Table 1 Acquisition parameters used for training and testing images obtained from CT_A and CT_B

2.2 Regression learning of DCNN to estimate index of resolution properties

2.2.1 MTF measurement method

In this study, the MTF of the CT images measured using objective methods was used as the teacher signal in the training of the DCNN. Several methods are used to measure the MTF of CT images, such as the wire method [9, 10] and circular edge method [11]. We used the circular edge method recommended by the American Association of Medical Physics to measure the resolution properties of the CT systems. In addition, this method allows task-based evaluation of nonlinear images [11]. Because the circular edge method requires additive averaging with a large number of sample images to eliminate the effect of noise, we chose the method of Takenaga et al. [6] to eliminate this problem by logistic curve fitting. In this method, a region of interest (ROI) containing a rod of acrylic material was selected, and the oversampled ESF was obtained using the distance from the disk center. The obtained ESFs were averaged and rebinned within a bin one-tenth of the pixel size. A logistic curve fitting method was applied to remove noise from the rebinned ESFs, which is expressed as

$$\mathrm{ESF}\left(x\right)=\frac{a}{1.0+\mathrm{exp}\left\{-b(x-c)\right\}}+d.$$
(1)

where a, b, c, and d are the parameters obtained using the iterative nonlinear least squares method. The line spread function was obtained from the denoised ESF after fitting as described above, and the MTF was obtained by performing Fourier transform. The MTFs obtained from the images were taken three times and averaged to reduce measurement errors. The MTFs were measured for all training and test images scanned from CT_A and CT_B, and the MTF10% values were obtained for each MTF. It is noted that MTF10% indicates the value of the spatial frequency (cycles/mm) at which the MTF value becomes 0.1. In general, the higher the MTF10% value, the higher the resolution. Because the MTF is not affected by noise in the FBP method, the MTF10% value obtained from the SD4 image was used as the teacher signal in the training, regardless of the SD setting [4].

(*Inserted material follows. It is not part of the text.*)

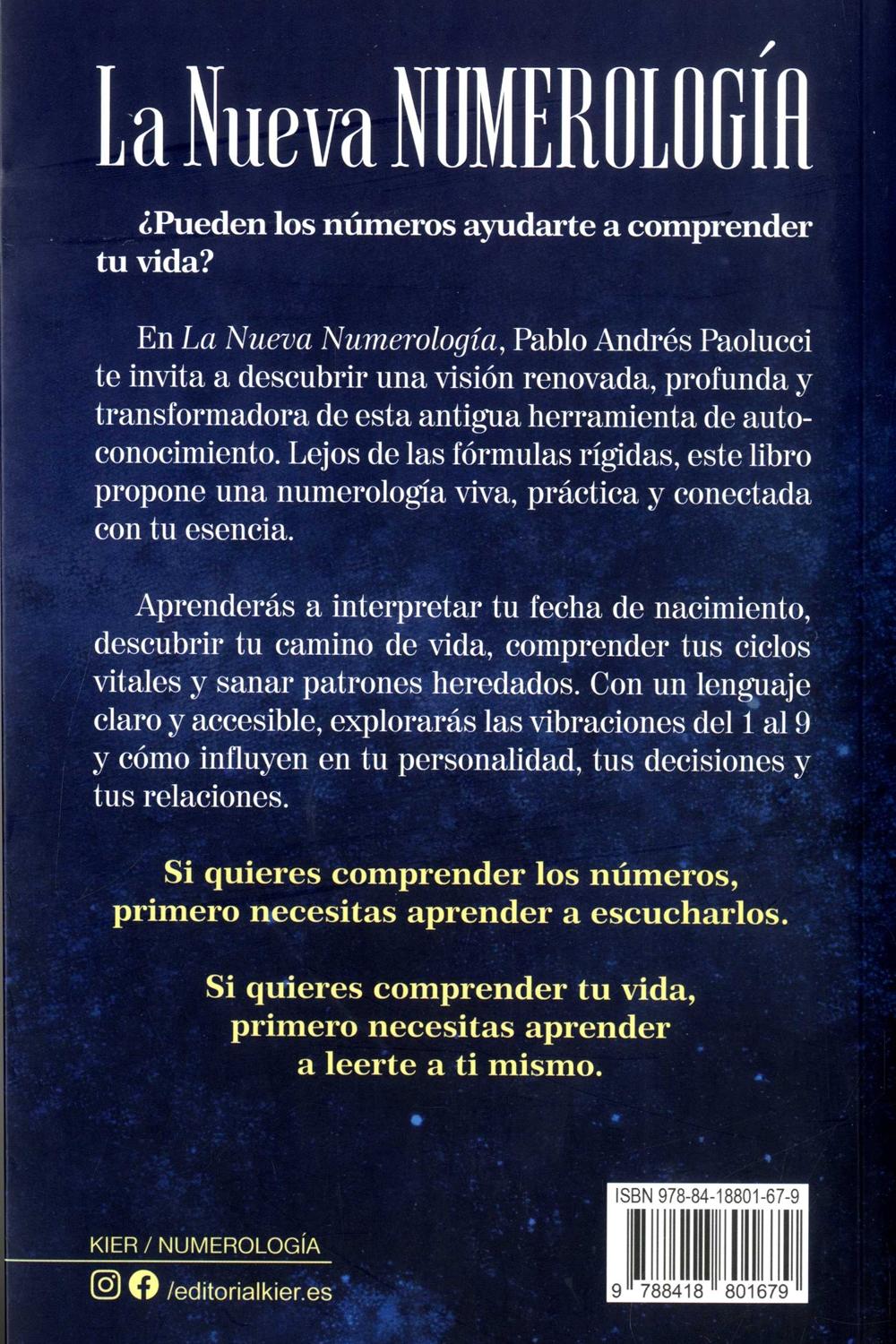 Descripción: La nueva numerología de Pablo Andrés Paolucci es una propuesta de autoconocimiento que recupera y renueva esta antigua herramienta. El autor invita a explorar las vibraciones de los números del 1 al 9 y cómo influyen en la personalidad, las decisiones y las relaciones, a través de un lenguaje claro y accesible. Más que una herramienta predictiva, el libro busca que el lector aprenda a "escuchar" y "leer" los números y a sí mismo para comprender su vida y crear la realidad que desea. Se presenta como un camino para adentrarse en el emocionante mundo del autoconocimiento y vivir en coherencia con el verdadero ser.

2.2.2 Input sample images for the DCNN

Sample images with the same real and matrix sizes, but different resolution properties, were created to enable the DCNN to learn the resolution property index. These sample images were created using bilinear interpolation from images captured on a CT system at different FOVs. Furthermore, the real MTF of each sample image was obtained using the method described in Sect. 2.2.1. The sample image and the method used to create the input image for the DCNN are described below.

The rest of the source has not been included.